Бехзад возвращался в Мерв с чувством исполненного долга, желая как можно скорее жениться на своей возлюбленной, а Сельман чувствовал, что он обойден судьбой и что все его старания не вознаграждены должным образом.
Въехав в город, Бехзад стал прощаться с Сельманом – он собирался отвести Маймуну к себе в дом.
– Не забудь, что ты добился всего, чего желал, – заметил Сельман, – а я еще продолжаю уповать на вознаграждение.
– Ты станешь главою общины хуррамитов, как я тебе уже обещал, – ответил Бехзад. – Разве этого мало?
– Увы, я надеюсь на нечто другое, и это для меня важнее, чем возглавлять общину хуррамитов… помоги мне, как я помог тебе.
– Не понимаю твоего намека.
– Послушай, благодаря мне ты получил Маймуну, теперь – твой черед помочь мне: я хочу жениться на Буран, дочери аль-Хасана. Важно, чтобы дядя ее, аль-Фадль Ибн Сахль, согласился, за остальным дело не станет. Надо полагать, что после того, как я оказал ему столь важную услугу, я буду достоин руки Буран.

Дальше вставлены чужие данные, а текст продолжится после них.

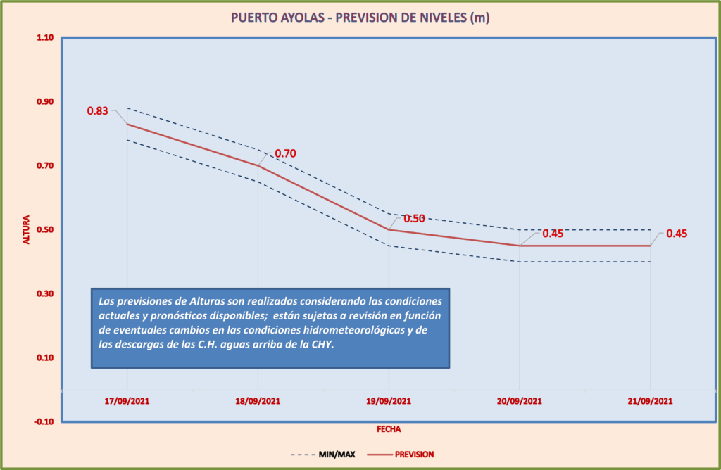 Las previsiones de Alturas son realizadas considerando las condiciones actuales y pronósticos disponibles y están sujetas a revisión en función de eventuales cambios en las condiciones hidrometeorológicas y de las descargas de las C.H. aguas arriba de la CHY.

Бехзад был несколько обескуражен; потом, поразмыслив немного, решил, что идея Сельмана вполне осуществима. Он припомнил свой разговор с аль-Фадлем, который они вели о Буран еще до его отъезда в Багдад, и посчитал, что женитьба Сельмана будет самым удачным выходом из столь щекотливого положения.
– Давай поговорим об этом завтра, – ответил он своему другу. – А сейчас я хотел бы попросить тебя о последней услуге.
– О какой же?
– Мне нужна голова аль-Амина. Ты сможешь тайно извлечь ее из могилы, как мы сделали это с головами Джафара и Абу Муслима?
Сельман сразу смекнул, в чем дело.
Для меня это не составит большого труда, – ответил он. – Жди меня завтра дома, я принесу тебе то, что ты хочешь.
На этом они расстались. Бехзад вместе с Аббадой и Маймуной тотчас направился к дому своей матери, потому что после столь долгого отсутствия он опасался не застать ее в живых. Он постучал в дверь и с тревогой прислушался, не послышатся ли за ней шаги. Но все было тихо, и сердце Бехзада сжалось от недоброго предчувствия. Он постучал во второй раз, и тогда наконец раздался шум шагов. Распахнулась дверь, и показался тот самый слуга, который открывал ему в прошлый раз. На этот раз лицо старика было сумрачно и угрюмо.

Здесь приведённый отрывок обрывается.